• **What to do**: Starting at the top of the entries, restate word for word each line up to and including the one with "Elevate your style".

(Data records)
==================================================

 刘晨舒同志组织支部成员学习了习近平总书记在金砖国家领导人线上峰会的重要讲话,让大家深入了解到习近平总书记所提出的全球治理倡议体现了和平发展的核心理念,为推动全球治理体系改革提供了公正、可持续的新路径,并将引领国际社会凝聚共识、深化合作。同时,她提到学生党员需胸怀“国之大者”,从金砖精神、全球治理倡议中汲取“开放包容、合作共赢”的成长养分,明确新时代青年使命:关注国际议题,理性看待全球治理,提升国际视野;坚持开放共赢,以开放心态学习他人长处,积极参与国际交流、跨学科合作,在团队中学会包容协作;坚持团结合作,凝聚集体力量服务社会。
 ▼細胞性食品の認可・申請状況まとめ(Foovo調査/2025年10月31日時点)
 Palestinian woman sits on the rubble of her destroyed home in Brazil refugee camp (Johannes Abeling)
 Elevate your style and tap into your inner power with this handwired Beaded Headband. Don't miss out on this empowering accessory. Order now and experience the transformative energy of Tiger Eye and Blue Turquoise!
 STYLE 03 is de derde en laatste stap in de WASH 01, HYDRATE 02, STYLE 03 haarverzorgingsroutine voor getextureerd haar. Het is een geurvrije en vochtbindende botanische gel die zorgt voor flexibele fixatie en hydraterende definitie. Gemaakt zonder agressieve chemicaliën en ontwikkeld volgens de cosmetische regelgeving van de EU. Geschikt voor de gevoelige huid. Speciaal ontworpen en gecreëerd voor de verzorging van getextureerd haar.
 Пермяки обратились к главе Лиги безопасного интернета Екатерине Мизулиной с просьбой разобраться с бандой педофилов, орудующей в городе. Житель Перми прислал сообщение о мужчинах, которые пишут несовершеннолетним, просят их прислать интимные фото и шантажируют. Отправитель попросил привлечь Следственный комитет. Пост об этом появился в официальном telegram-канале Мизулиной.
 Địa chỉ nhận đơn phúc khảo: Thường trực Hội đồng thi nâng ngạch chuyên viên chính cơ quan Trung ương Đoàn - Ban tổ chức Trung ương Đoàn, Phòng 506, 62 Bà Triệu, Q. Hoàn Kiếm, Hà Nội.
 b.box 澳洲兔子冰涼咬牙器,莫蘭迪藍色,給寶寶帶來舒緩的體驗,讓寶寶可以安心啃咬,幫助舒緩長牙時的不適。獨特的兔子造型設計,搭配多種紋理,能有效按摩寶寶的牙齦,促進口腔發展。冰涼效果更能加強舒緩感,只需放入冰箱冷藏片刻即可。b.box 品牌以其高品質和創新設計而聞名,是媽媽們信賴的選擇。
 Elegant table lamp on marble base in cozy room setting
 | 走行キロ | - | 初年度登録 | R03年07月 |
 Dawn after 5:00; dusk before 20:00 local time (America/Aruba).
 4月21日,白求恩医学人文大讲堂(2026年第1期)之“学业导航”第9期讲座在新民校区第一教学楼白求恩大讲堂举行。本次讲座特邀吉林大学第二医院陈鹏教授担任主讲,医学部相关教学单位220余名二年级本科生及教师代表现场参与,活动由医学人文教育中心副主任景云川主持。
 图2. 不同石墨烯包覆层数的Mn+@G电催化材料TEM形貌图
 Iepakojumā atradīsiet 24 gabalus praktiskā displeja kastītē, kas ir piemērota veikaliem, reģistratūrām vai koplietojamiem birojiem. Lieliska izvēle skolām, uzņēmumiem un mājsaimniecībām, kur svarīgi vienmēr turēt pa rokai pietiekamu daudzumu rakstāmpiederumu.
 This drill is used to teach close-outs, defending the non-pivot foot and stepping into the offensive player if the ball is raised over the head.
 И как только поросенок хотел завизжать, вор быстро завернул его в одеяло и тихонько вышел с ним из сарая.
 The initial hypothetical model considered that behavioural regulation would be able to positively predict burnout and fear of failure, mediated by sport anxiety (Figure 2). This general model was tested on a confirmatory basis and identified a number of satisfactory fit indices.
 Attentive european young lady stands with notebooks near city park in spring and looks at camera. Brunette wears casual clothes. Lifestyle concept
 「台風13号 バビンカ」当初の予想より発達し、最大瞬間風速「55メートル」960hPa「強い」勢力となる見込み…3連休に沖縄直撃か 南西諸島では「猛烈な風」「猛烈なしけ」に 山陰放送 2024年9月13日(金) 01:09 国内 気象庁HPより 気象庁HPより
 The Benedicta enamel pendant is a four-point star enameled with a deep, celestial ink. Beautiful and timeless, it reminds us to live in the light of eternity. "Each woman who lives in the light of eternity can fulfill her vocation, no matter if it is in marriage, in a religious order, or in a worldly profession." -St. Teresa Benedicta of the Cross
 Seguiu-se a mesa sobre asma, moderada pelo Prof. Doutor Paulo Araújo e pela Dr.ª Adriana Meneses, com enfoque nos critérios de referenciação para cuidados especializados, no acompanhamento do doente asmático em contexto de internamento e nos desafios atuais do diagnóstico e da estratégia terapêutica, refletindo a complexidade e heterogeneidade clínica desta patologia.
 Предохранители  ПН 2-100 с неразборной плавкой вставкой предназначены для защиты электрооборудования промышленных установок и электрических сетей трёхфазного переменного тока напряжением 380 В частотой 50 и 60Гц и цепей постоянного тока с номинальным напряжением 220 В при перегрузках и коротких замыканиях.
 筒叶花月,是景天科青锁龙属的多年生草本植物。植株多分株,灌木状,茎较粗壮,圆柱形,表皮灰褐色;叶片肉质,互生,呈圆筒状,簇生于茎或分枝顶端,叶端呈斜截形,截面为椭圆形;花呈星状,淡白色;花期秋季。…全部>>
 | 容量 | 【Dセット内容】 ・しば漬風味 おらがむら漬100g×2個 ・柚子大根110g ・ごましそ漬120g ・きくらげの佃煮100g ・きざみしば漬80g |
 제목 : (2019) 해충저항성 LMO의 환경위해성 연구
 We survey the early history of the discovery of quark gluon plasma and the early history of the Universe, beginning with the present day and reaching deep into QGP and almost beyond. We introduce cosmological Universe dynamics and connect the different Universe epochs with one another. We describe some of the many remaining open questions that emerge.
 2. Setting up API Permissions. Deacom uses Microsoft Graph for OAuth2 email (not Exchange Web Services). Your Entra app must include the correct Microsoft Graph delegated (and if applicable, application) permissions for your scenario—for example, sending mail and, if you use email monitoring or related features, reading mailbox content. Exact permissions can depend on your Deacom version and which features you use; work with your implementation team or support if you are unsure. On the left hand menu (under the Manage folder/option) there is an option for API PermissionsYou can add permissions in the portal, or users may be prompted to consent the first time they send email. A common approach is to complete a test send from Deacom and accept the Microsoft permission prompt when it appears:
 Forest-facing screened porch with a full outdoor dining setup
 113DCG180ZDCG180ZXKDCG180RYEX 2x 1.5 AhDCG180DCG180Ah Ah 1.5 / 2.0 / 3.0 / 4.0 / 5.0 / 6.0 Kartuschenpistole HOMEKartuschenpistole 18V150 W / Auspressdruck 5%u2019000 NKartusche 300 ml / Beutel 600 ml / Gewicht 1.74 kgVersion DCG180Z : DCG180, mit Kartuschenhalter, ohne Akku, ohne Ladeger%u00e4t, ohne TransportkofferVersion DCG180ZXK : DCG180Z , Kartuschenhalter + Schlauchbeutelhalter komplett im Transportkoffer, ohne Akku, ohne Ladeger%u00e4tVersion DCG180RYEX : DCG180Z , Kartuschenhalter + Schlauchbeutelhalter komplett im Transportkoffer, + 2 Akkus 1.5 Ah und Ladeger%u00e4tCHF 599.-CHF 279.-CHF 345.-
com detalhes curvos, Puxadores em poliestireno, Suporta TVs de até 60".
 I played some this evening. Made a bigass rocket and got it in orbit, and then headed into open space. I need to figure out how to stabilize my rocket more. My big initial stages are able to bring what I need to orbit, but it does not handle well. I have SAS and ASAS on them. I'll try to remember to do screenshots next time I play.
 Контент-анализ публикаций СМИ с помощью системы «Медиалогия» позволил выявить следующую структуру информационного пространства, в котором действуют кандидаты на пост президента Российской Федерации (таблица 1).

==================================================

• **Exercise solution**:
 刘晨舒同志组织支部成员学习了习近平总书记在金砖国家领导人线上峰会的重要讲话,让大家深入了解到习近平总书记所提出的全球治理倡议体现了和平发展的核心理念,为推动全球治理体系改革提供了公正、可持续的新路径,并将引领国际社会凝聚共识、深化合作。同时,她提到学生党员需胸怀“国之大者”,从金砖精神、全球治理倡议中汲取“开放包容、合作共赢”的成长养分,明确新时代青年使命:关注国际议题,理性看待全球治理,提升国际视野;坚持开放共赢,以开放心态学习他人长处,积极参与国际交流、跨学科合作,在团队中学会包容协作;坚持团结合作,凝聚集体力量服务社会。
 ▼細胞性食品の認可・申請状況まとめ(Foovo調査/2025年10月31日時点)
 Palestinian woman sits on the rubble of her destroyed home in Brazil refugee camp (Johannes Abeling)
 Elevate your style and tap into your inner power with this handwired Beaded Headband. Don't miss out on this empowering accessory. Order now and experience the transformative energy of Tiger Eye and Blue Turquoise!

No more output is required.